I DID promise that Tha Carter III is a rollercoaster, though, and I wasnt lying. No prizes for guessing that its best songs coincide with the rapper sharpening and narrowing his streams of randomness. Wayne offers a nice conceptual twist on the Best Rapper Alive gimmick with Dr. Carter, rapping from a doctors perspective having to cure three different types of rap related illnesses. Hemmed in, Wayne manages to steer his off the wall rhyming into something resembling coherency and the song is enhanced with what will probably go down in history as Swizz Beats only musically rich/vivid/complex backing track EVER: a mutedly jazzy bassline which fluctuates in intensity to dramatic effect. There's also the evocative and poignant Tie My Hands, an impressively mature reflection upon the tragic events of Hurricane Katrina. And Tha Carter IIIs first half features outstanding contributions from the likes of Cool & Dre, whose demented whirlpool of ricocheting keys, spooky strings and pounding bass on the cinematic horror-core of Phone Home suits the rappers equally manic rhyming, as well as Kanye West (helped along by Deezle) on the DELICIOUSLY funky, horn and vocal sample ridden Let The Beat Build. Despite the now proven to be redundant best rapper alive rhetoric and outdated juvenile rap message board slang like no homo, Wayne is at his most charismatic on this track, proving he can create songs that I genuinely like listening to. Same goes with Wests other cut: the albums best chorus (courtesy of Babyface) is found with Comfortable, and the rapper neatly sidesteps any misogynistic traps with a (nearly) endearing sex-ode. The album's best song, though, is Mr. Carter. Producer Infamous puts on a first rate Just Blaze impression, for we have every one of the A-List producer's trademarks present and accounted for; triumphantly swirling strings, a gorgeous soul sample for the hook, heavy guest artillery (a competent guest verse from Jay-Z in his standard sharply witty I have more money from you auto-pilot). To his credit, Wayne delivers you-know-what, energetically:
"I been in and out the bank bitch
While ya'll asshole niggas been on the same shit
I flush 'em, and watch 'em go down the drain quick
Two words you never hear "Wayne Quit!"
Cause Wayne win, and they lose
I call 'em April babies, cause they fools
And when they snooze, We up!
Feet up like a, Parap-liguck
Or, paraplegic? I parallel park
In that red and yellow thing, old school Atlanta Hawk"

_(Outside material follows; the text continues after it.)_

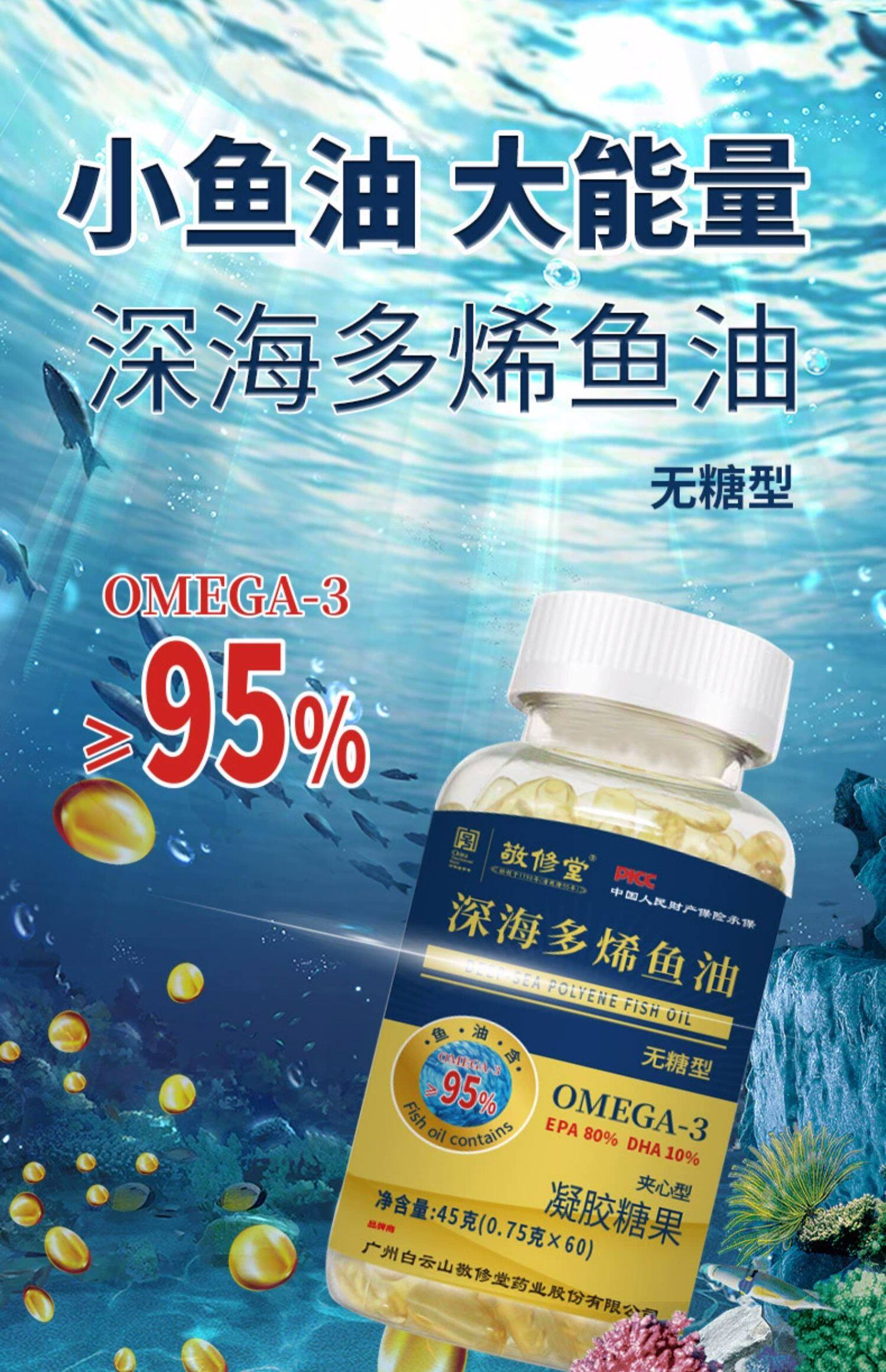 М'які капсули Риб'ячий жир 60 шт. х 0.75. Омега-3, Deep Sea Polyene Fish Oil
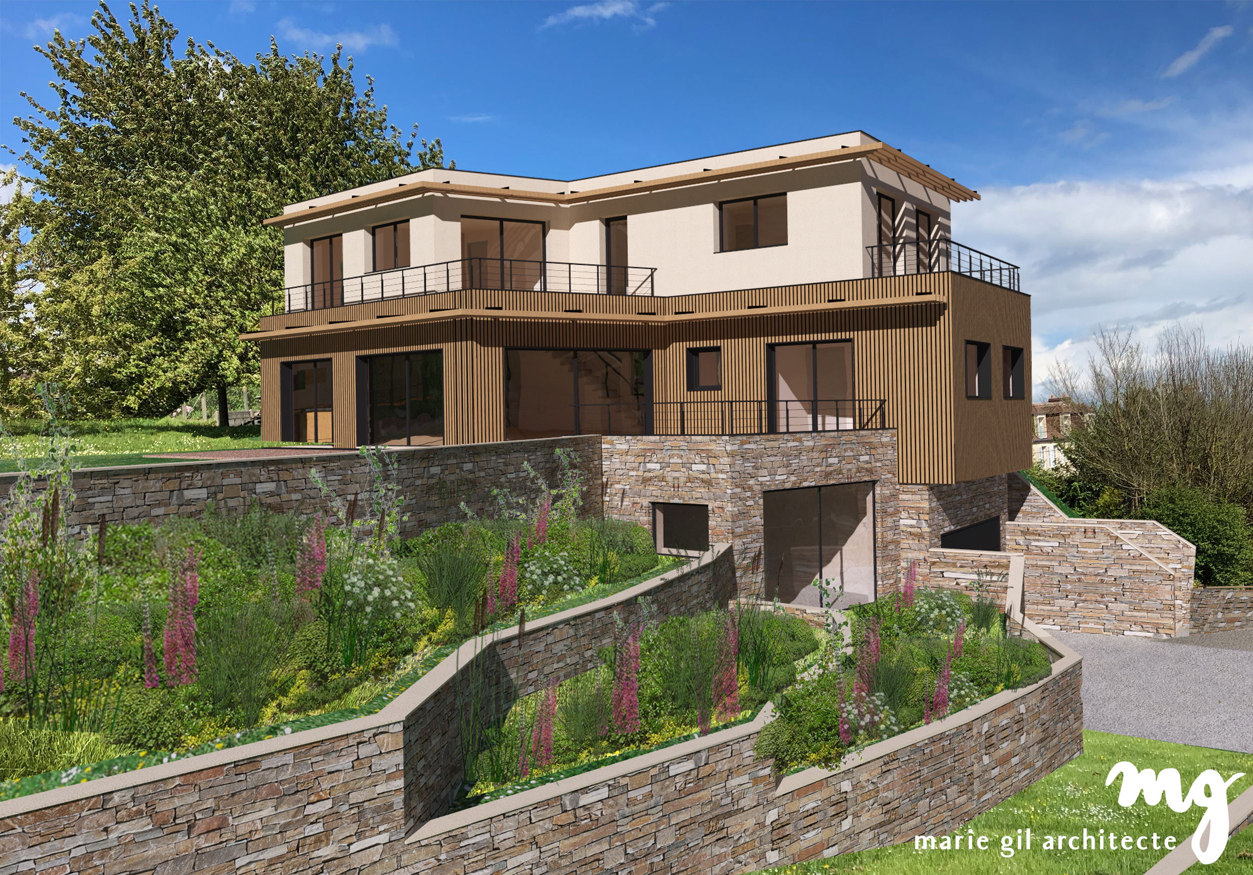 Le projet de construction s'implante sur une parcelle pentue, en grande partie non constructible, et située dans une zone de carrière - sa forme particulière découle des nombreuses contraintes du terrain. Le projet consiste à construire une maison passive contemporaine, peu énergivore, conçue avec de matériaux durables, avec des vues dégagées sur le terrain et sur la plaine de Caen.

Perhaps my favourite part of this album comes near to this songs conclusion. As the songs anthemic chorus loops the bassline drops and the string section fades we have a moments pause, and then Infamous seamlessly fades in a fully-blown, powerful gospel rendition of the very same chant. Wayne then simply talks the listener through the song to its close, not saying much but... in a difficult to quantify way, this snapshot creates an iconic, engaging moment that could represent a consistently productive style for the rapper. I feel that with this LP, the rapper simply does not capture enough anything like this moment, particularly in its patchy second half.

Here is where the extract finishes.